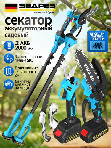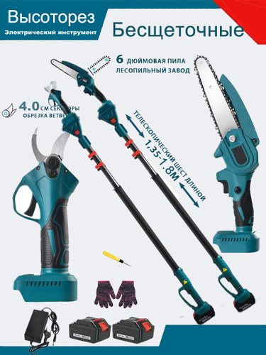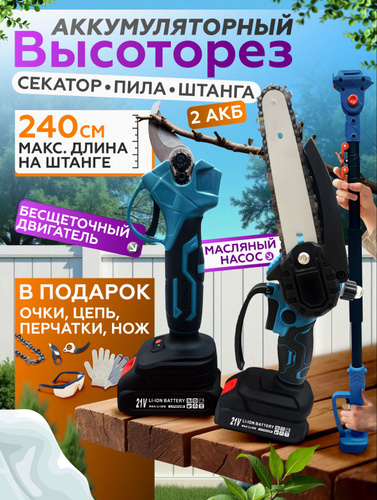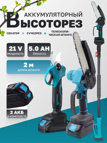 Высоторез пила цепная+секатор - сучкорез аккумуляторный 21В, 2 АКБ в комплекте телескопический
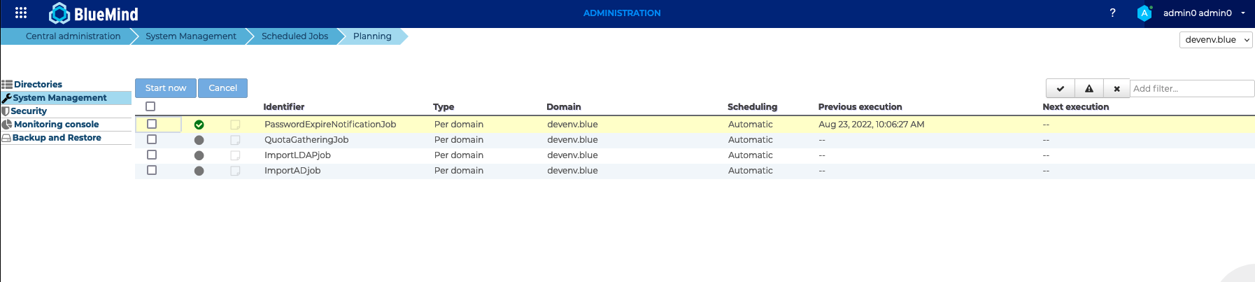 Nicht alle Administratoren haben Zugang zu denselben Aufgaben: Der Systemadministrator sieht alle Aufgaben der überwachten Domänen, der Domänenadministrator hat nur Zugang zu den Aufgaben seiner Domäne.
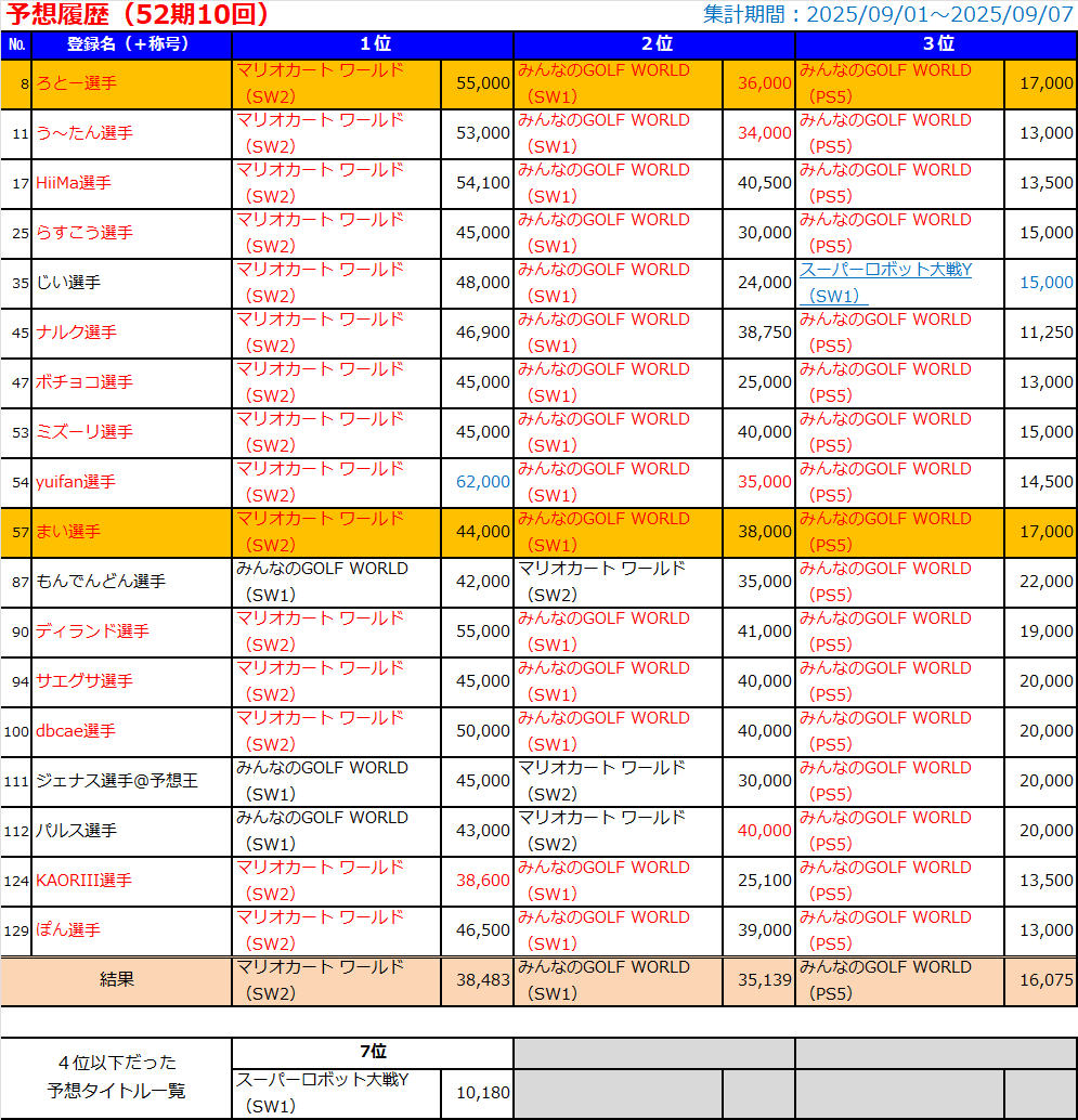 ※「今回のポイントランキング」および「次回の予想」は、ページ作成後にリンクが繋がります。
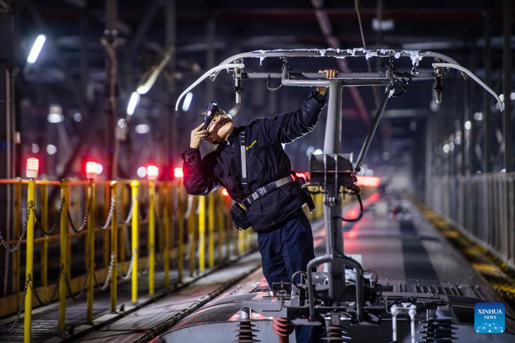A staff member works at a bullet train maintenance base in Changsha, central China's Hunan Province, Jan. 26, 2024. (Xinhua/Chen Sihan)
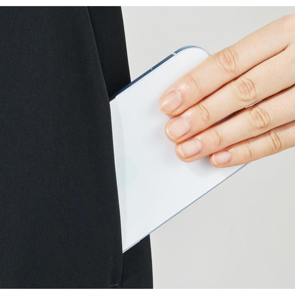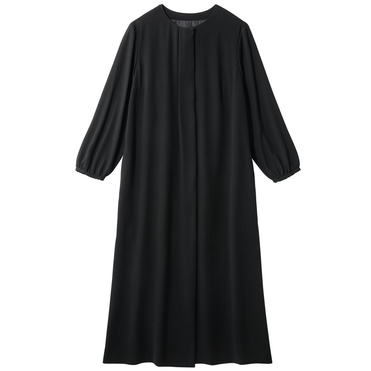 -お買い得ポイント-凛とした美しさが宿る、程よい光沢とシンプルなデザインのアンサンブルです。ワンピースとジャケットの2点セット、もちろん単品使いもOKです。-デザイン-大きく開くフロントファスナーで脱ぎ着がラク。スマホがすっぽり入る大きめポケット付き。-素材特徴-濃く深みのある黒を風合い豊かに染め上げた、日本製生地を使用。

────────────────────

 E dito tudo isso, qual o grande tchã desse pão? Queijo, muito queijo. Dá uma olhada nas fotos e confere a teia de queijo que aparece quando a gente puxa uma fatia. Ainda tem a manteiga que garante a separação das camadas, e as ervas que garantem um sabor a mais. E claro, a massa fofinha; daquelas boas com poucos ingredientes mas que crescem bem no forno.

────────────────────

**REQUIREMENT**
Please repeat, exactly as written, the lines in the records above, starting with the one that has "A staff member" and going on through the one that has "-お買い得ポイント-凛とした". Pictures are to be left out.

**EXERCISE OUTPUT**
A staff member works at a bullet train maintenance base in Changsha, central China's Hunan Province, Jan. 26, 2024. (Xinhua/Chen Sihan)
 -お買い得ポイント-凛とした美しさが宿る、程よい光沢とシンプルなデザインのアンサンブルです。ワンピースとジャケットの2点セット、もちろん単品使いもOKです。-デザイン-大きく開くフロントファスナーで脱ぎ着がラク。スマホがすっぽり入る大きめポケット付き。-素材特徴-濃く深みのある黒を風合い豊かに染め上げた、日本製生地を使用。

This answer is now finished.